### [Saved data entries]
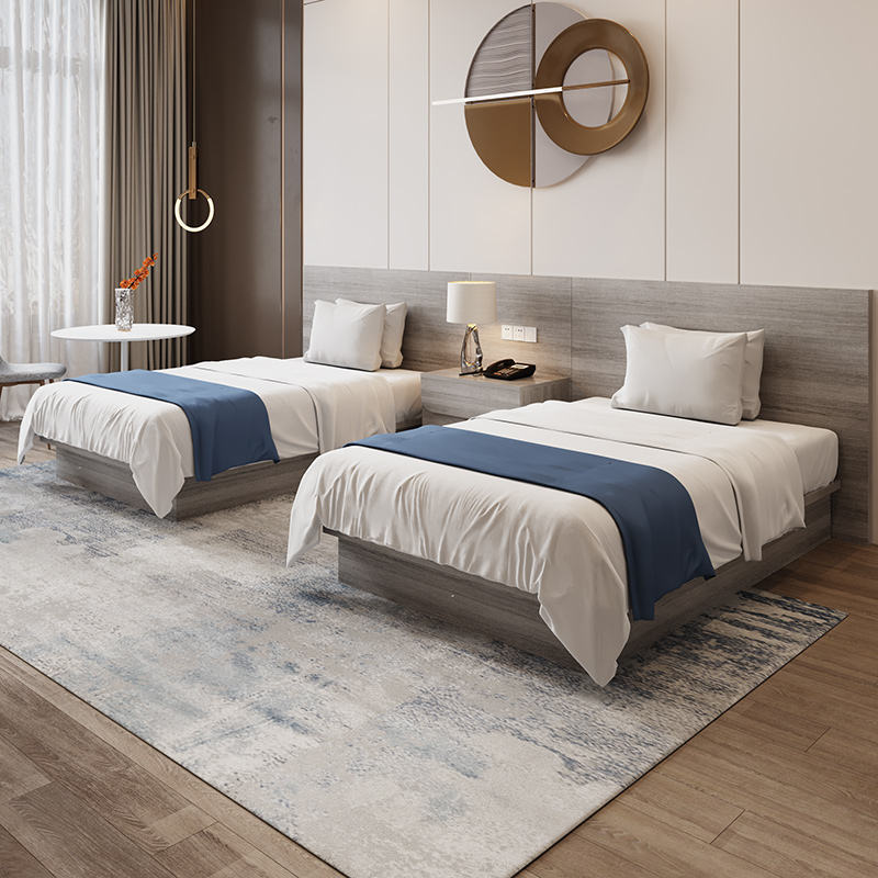 Ensemble de chambre à coucher d'hôtel moderne personnalisable Lit double standard Armoire individuelle en bois pour Apartamentos Habitaciones Personas
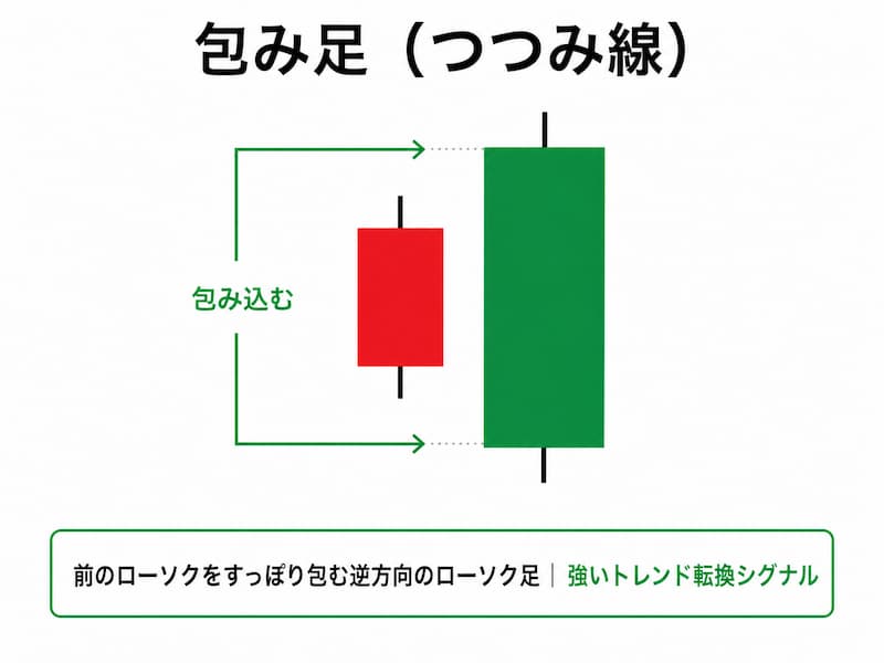 • 下落中に「大きな陽線が前の陰線を包む」→ 強い反転上昇サイン
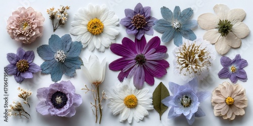 Pastel Floral Flat Lay with Pressed Flowers on White Background
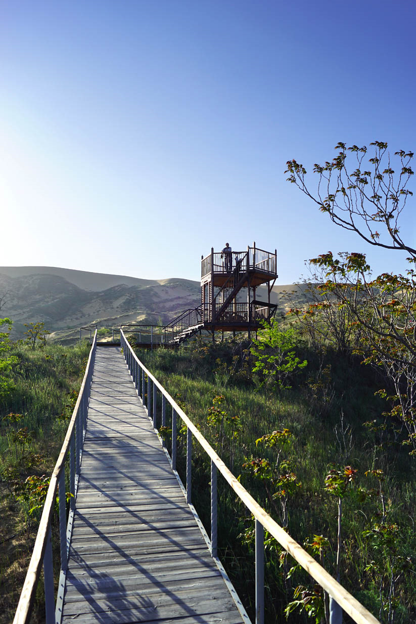 На высоте, где заканчивается тропа, находится смотровая площадка – настоящая Сахара! Ветер, раскалённый песок, ни одного растения, солнце… И потрясные виды на хребет Нарат-Тюбе. Сходить с тропы нельзя, но если прям очень хочется, то охранник не возражает. К чему эти условности, если взрослые бородатые дядьки, как дети, босиком готовы носиться, падать, вставать и снова бегать по жёлтому морю песка, визжа и смеясь от удовольствия!
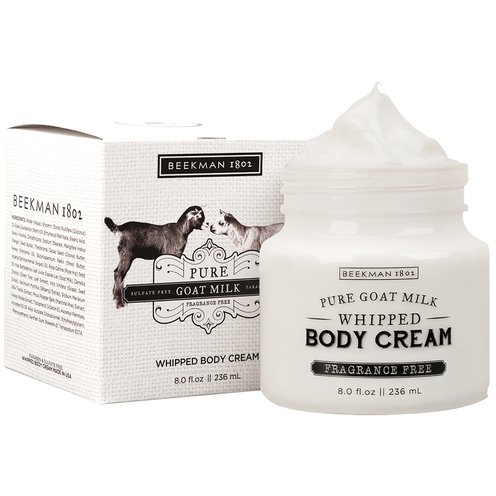 Our goat milk whipped body cream just melts into your skin. Creamy butters moisturize and soften skin. Goat milk is rich in vitamins and minerals. Unscented. Whipped Body Cream is 8 fl oz.
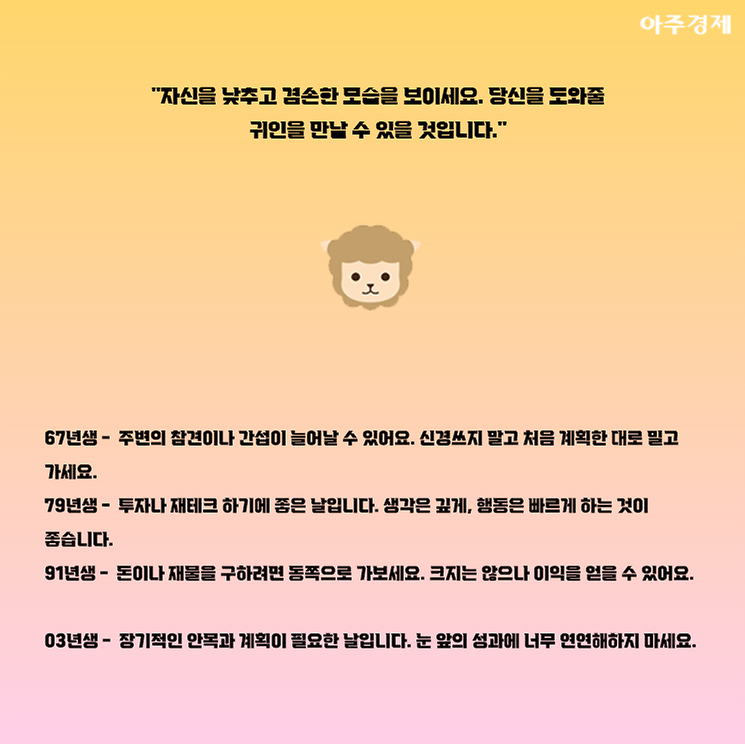 ▶양띠 오늘의 운세 "자신을 낮추고 겸손한 모습을 보이세요. 당신을 도와줄 귀인을 만날 수 있을 것입니다."
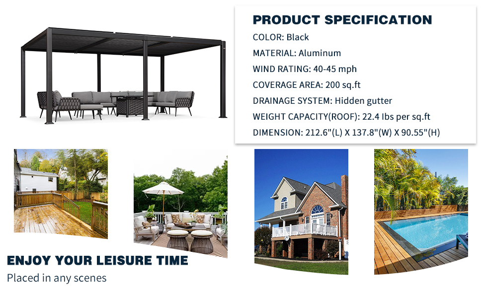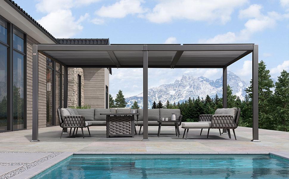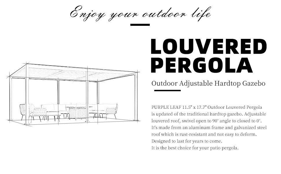 Adjustable Louvered Roof: The unique louvered roof design allows you to control the amount of sun or shade you receive. Keeps out the bright light and harmful UV rays.
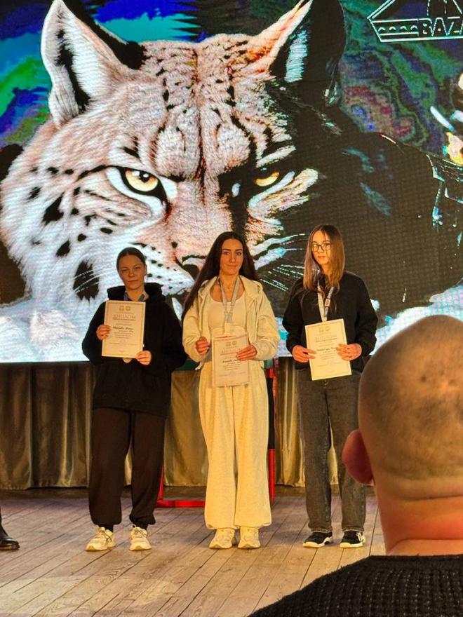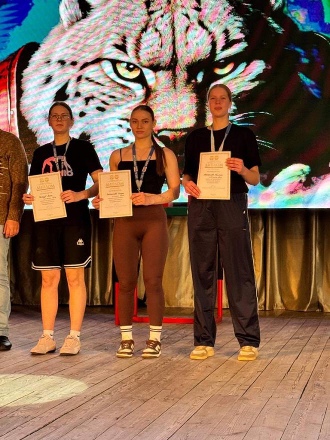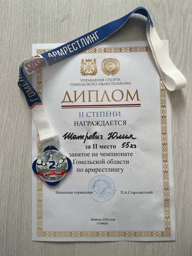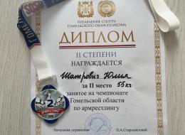 Шатрович Юлия (ФК-12) заняла 2 место в борьбе на левую руку и 3 место в борьбе на правую, заняв итоговое 2 место по сумме двух рук среди женщин (весовая категория 55 кг).
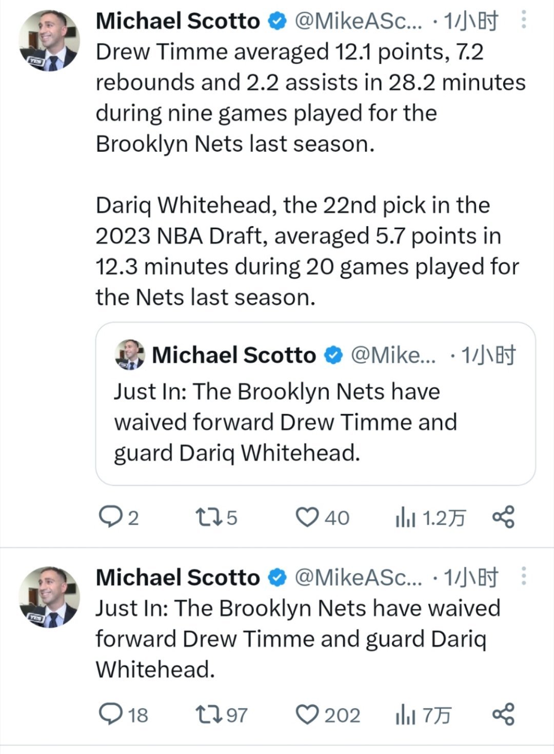 Scotto:篮网裁掉了前锋德鲁-蒂米和后卫达里克-怀特黑德
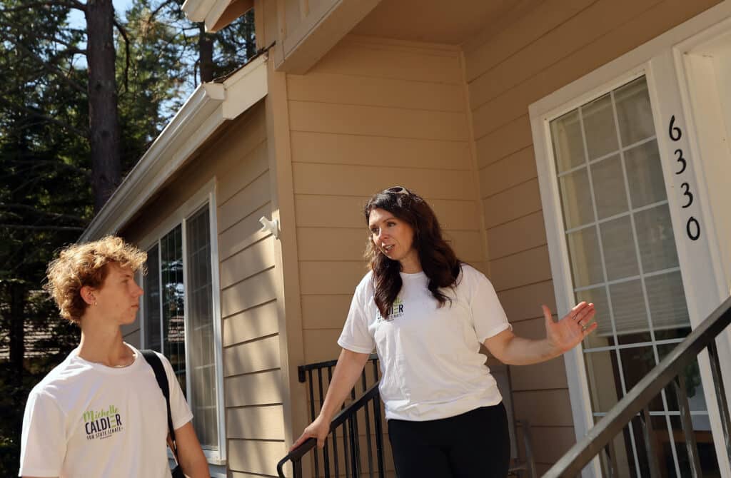 Rep. Michelle Caldier and her nephew Conner Smith, left, get ready to head to the next house while doorbelling in Port Orchard’s McCormick Woods neighborhood on Sept. 20, 2025. Photo by Meegan M. Reid/Kitsap Sun
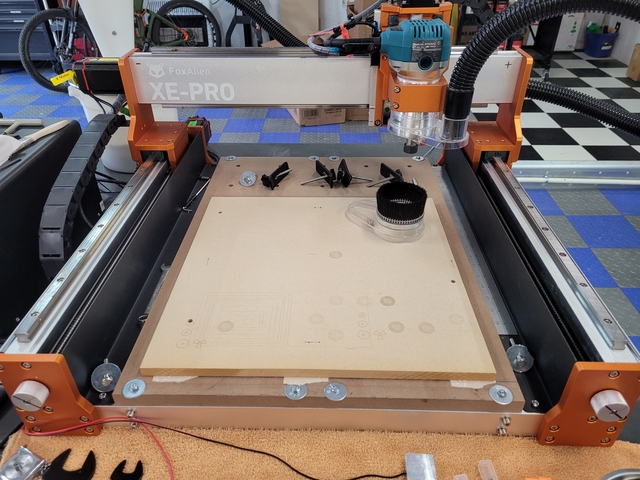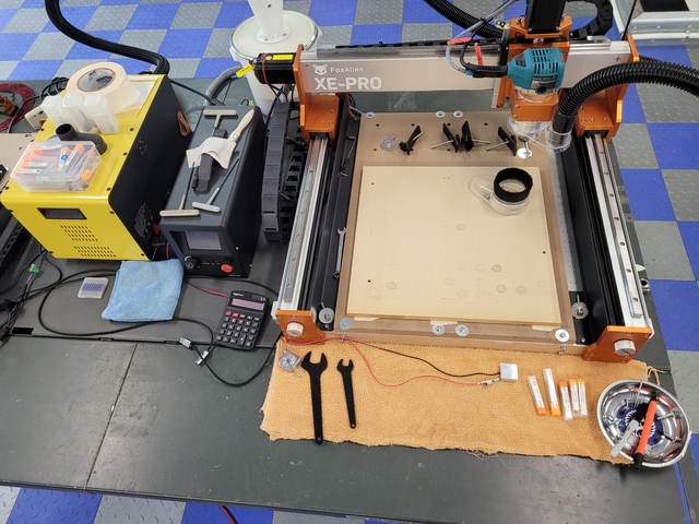 Everything Pictured is for sale! All like new, Over $3000 invested - I bought all this stuff thinking I could make some designs I invented but it just isn't gonna work. XE-4040 Pro with Rails, Masuter Pro w/Laser, Makita, Vac System, Laser Bed, Smart Switch, Dust shoe, Fume Shoe, lottsa Bits!! Both OEM spindles and all spare parts, Rolls of Tape, etc. Wood too
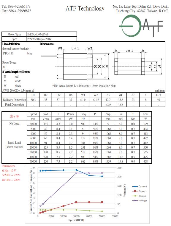 ホーム 馬達型錄 旋轉馬達 感應馬達(IM) IM60D-L40-2P-SI-2.2kW-30krpm-220V-Al
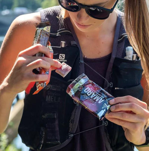 Chaque paquet de gommes apporte 60 mg de potassium et jusqu’à 100 mg de sodium. Si votre effort dépasse 90 minutes, ou si vous vous entraînez dans la chaleur ou l’humidité, complétez-les avec une boisson riche en électrolytes pour un apport optimal.
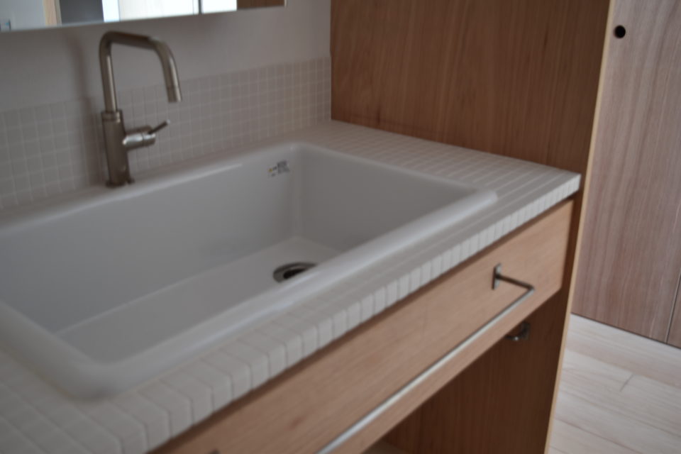 2026-01-17 Home › 竣工したお家 ありがとうのいえ › ありがとうのいえの洗面所 ありがとうのいえの洗面所 ありがとうのいえの洗面所。清潔感あふれる空間です。洗面のスペースと、洗濯、室内物干スペース、脱衣のスペース、それぞれ設けました。 関連記事 田んぼのいえ SASHIさんの引手 玄関 グーグーの家 パントリー 呼吸する家の洗面台

### [What you have to do]
Pictures are not part of the copy. Return every record exactly.

### [Response area]
 Ensemble de chambre à coucher d'hôtel moderne personnalisable Lit double standard Armoire individuelle en bois pour Apartamentos Habitaciones Personas
 • 下落中に「大きな陽線が前の陰線を包む」→ 強い反転上昇サイン
 Pastel Floral Flat Lay with Pressed Flowers on White Background
 На высоте, где заканчивается тропа, находится смотровая площадка – настоящая Сахара! Ветер, раскалённый песок, ни одного растения, солнце… И потрясные виды на хребет Нарат-Тюбе. Сходить с тропы нельзя, но если прям очень хочется, то охранник не возражает. К чему эти условности, если взрослые бородатые дядьки, как дети, босиком готовы носиться, падать, вставать и снова бегать по жёлтому морю песка, визжа и смеясь от удовольствия!
 Our goat milk whipped body cream just melts into your skin. Creamy butters moisturize and soften skin. Goat milk is rich in vitamins and minerals. Unscented. Whipped Body Cream is 8 fl oz.
 ▶양띠 오늘의 운세 "자신을 낮추고 겸손한 모습을 보이세요. 당신을 도와줄 귀인을 만날 수 있을 것입니다."
 Adjustable Louvered Roof: The unique louvered roof design allows you to control the amount of sun or shade you receive. Keeps out the bright light and harmful UV rays.
 Шатрович Юлия (ФК-12) заняла 2 место в борьбе на левую руку и 3 место в борьбе на правую, заняв итоговое 2 место по сумме двух рук среди женщин (весовая категория 55 кг).
 Scotto:篮网裁掉了前锋德鲁-蒂米和后卫达里克-怀特黑德
 Rep. Michelle Caldier and her nephew Conner Smith, left, get ready to head to the next house while doorbelling in Port Orchard’s McCormick Woods neighborhood on Sept. 20, 2025. Photo by Meegan M. Reid/Kitsap Sun
 Everything Pictured is for sale! All like new, Over $3000 invested - I bought all this stuff thinking I could make some designs I invented but it just isn't gonna work. XE-4040 Pro with Rails, Masuter Pro w/Laser, Makita, Vac System, Laser Bed, Smart Switch, Dust shoe, Fume Shoe, lottsa Bits!! Both OEM spindles and all spare parts, Rolls of Tape, etc. Wood too
 ホーム 馬達型錄 旋轉馬達 感應馬達(IM) IM60D-L40-2P-SI-2.2kW-30krpm-220V-Al
 Chaque paquet de gommes apporte 60 mg de potassium et jusqu’à 100 mg de sodium. Si votre effort dépasse 90 minutes, ou si vous vous entraînez dans la chaleur ou l’humidité, complétez-les avec une boisson riche en électrolytes pour un apport optimal.
 2026-01-17 Home › 竣工したお家 ありがとうのいえ › ありがとうのいえの洗面所 ありがとうのいえの洗面所 ありがとうのいえの洗面所。清潔感あふれる空間です。洗面のスペースと、洗濯、室内物干スペース、脱衣のスペース、それぞれ設けました。 関連記事 田んぼのいえ SASHIさんの引手 玄関 グーグーの家 パントリー 呼吸する家の洗面台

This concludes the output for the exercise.